Zenith-7b-V1 / FINETUNE_GUIDE.md
Zandy-Wandy's picture
Upload Zenith-7B model
8d18b7c verified

Fine-Tuning Guide for Zenith-7B

This guide covers fine-tuning Zenith-7B on custom datasets, with a focus on Qwen2.5-Coder-7B as the base model.

Table of Contents

  1. Prerequisites
  2. Data Preparation
  3. Training Methods
  4. Advanced Configuration
  5. Evaluation
  6. Deployment

Prerequisites

  • Python 3.8+
  • CUDA 11.8+ (for GPU training)
  • 16GB+ VRAM for full fine-tuning
  • 8GB+ VRAM for LoRA
  • 4GB+ VRAM for QLoRA

Install Dependencies

cd Zenith/V1/7B
pip install -r requirements.txt

Data Preparation

Format

Zenith expects data in JSON format with the following structure:

[
  {
    "instruction": "Write a function to calculate factorial",
    "input": "",
    "output": "def factorial(n):\n    if n <= 1:\n        return 1\n    return n * factorial(n - 1)",
    "thoughts": "I need to handle base case and recursion",
    "emotion": "neutral",
    "frustration_level": 0.1
  },
  {
    "instruction": "Explain how a neural network works",
    "input": "",
    "output": "A neural network is...",
    "thoughts": "Start with biological analogy, then explain layers",
    "emotion": "explanatory",
    "frustration_level": 0.0
  }
]

Fields:

  • instruction: Task description
  • input: Optional additional context
  • output: Expected response
  • thoughts: Chain-of-thought reasoning (optional but recommended)
  • emotion: Emotion label (optional, for EQ training)
  • frustration_level: Float 0-1 indicating frustration (optional)

Dataset Sources

Recommended datasets for fine-tuning:

  1. Code: code_search_net, CodeXGLUE, APPS, HumanEval
  2. Reasoning: CoT collection, OpenThoughts, GSM8K, MATH
  3. Emotional Intelligence: Custom dialogues with emotion annotations

Preprocessing

Use the built-in processor:

from data.openthoughts_processor import OpenThoughtsProcessor

config = OpenThoughtsConfig(
    dataset_name="your-dataset",
    streaming=True,
    max_seq_length=8192,
    quality_filtering=True,
    curriculum_learning=True
)
processor = OpenThoughtsProcessor(config)
dataset = processor.load_dataset()

Training Methods

1. Full Fine-Tuning

Trains all parameters.

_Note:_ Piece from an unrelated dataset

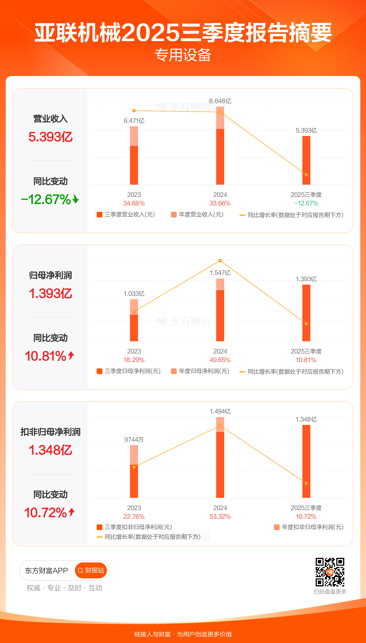 亚联机械10月27日发布2025年三季报显示,公司前三季实现营业收入5.39亿元,同比下滑12.67%;归母净利润1.39亿元,同比增长10.81%;扣非归母净利润1.35亿元,同比增长10.72%。
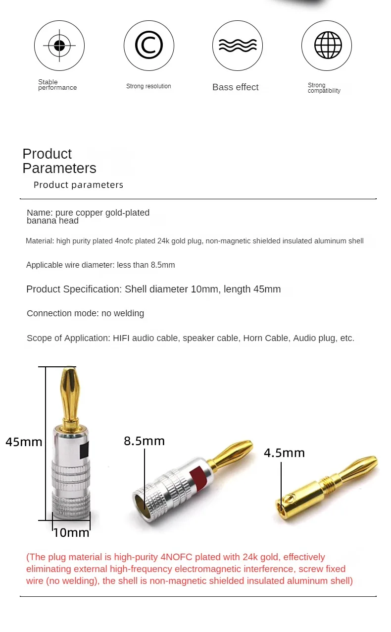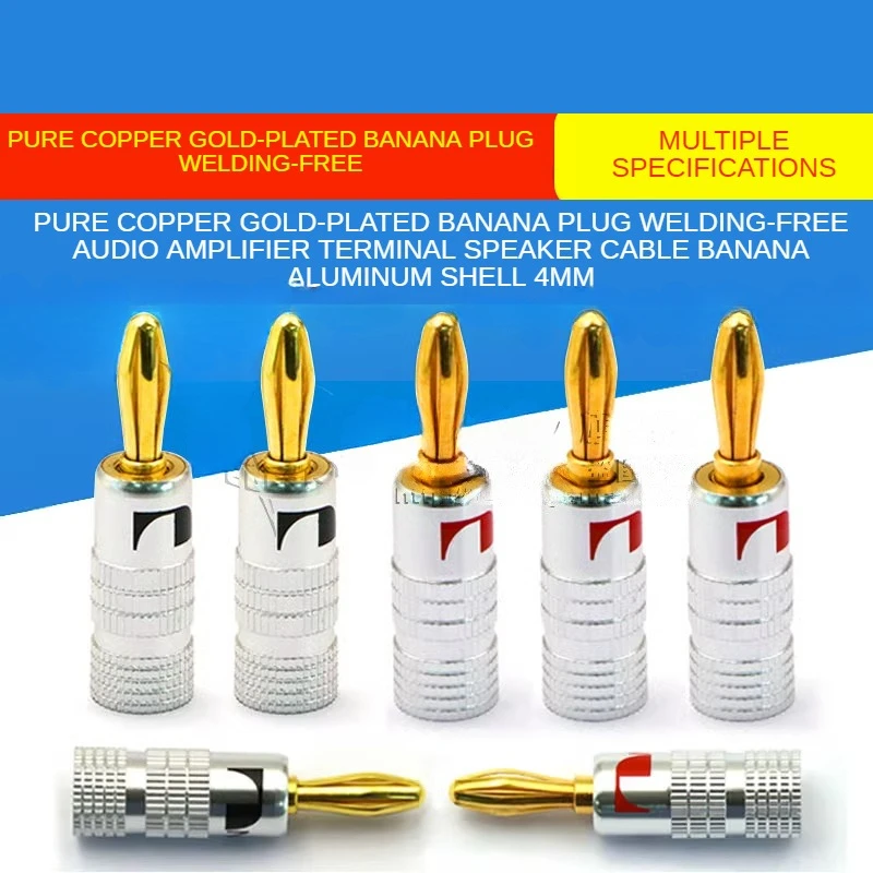 Comprar Conector Banana chapado en oro de cobre puro, Terminal de amplificador de Audio sin soldadura, Cable de altavoz, carcasa de aluminio Banana de 4mm

Best quality but requires most VRAM.

python train.py \
  --base_model Qwen/Qwen2.5-Coder-7B \
  --train_data ./data/train.json \
  --epochs 3 \
  --batch_size 4 \
  --learning_rate 2e-5 \
  --mixed_precision bf16

VRAM Requirements: ~16GB for 7B with sequence length 2048

2. LoRA (Low-Rank Adaptation)

Freezes base model, trains low-rank matrices. Much more efficient.

python train.py \
  --base_model Qwen/Qwen2.5-Coder-7B \
  --train_data ./data/train.json \
  --use_lora \
  --lora_r 16 \
  --lora_alpha 32 \
  --lora_dropout 0.1 \
  --epochs 3 \
  --batch_size 8 \
  --learning_rate 1e-4

VRAM Requirements: ~8GB for 7B with LoRA r=16

Target modules: Query, Key, Value, Output projections, MLP gates

3. QLoRA (Quantized LoRA)

4-bit quantized base model + LoRA. Minimal VRAM usage.

python train.py \
  --base_model Qwen/Qwen2.5-Coder-7B \
  --train_data ./data/train.json \
  --use_qlora \
  --use_lora \
  --lora_r 8 \
  --epochs 3 \
  --batch_size 8 \
  --learning_rate 1e-4

VRAM Requirements: ~4GB for 7B with 4-bit quantization

Advanced Configuration

Enabling MoE

Convert dense layers to Mixture of Experts:

python train.py \
  --use_moe \
  --num_experts 8 \
  --moe_top_k 2 \
  --moe_load_balancing_weight 0.01

Note: MoE increases capacity but also memory usage. Consider using with LoRA.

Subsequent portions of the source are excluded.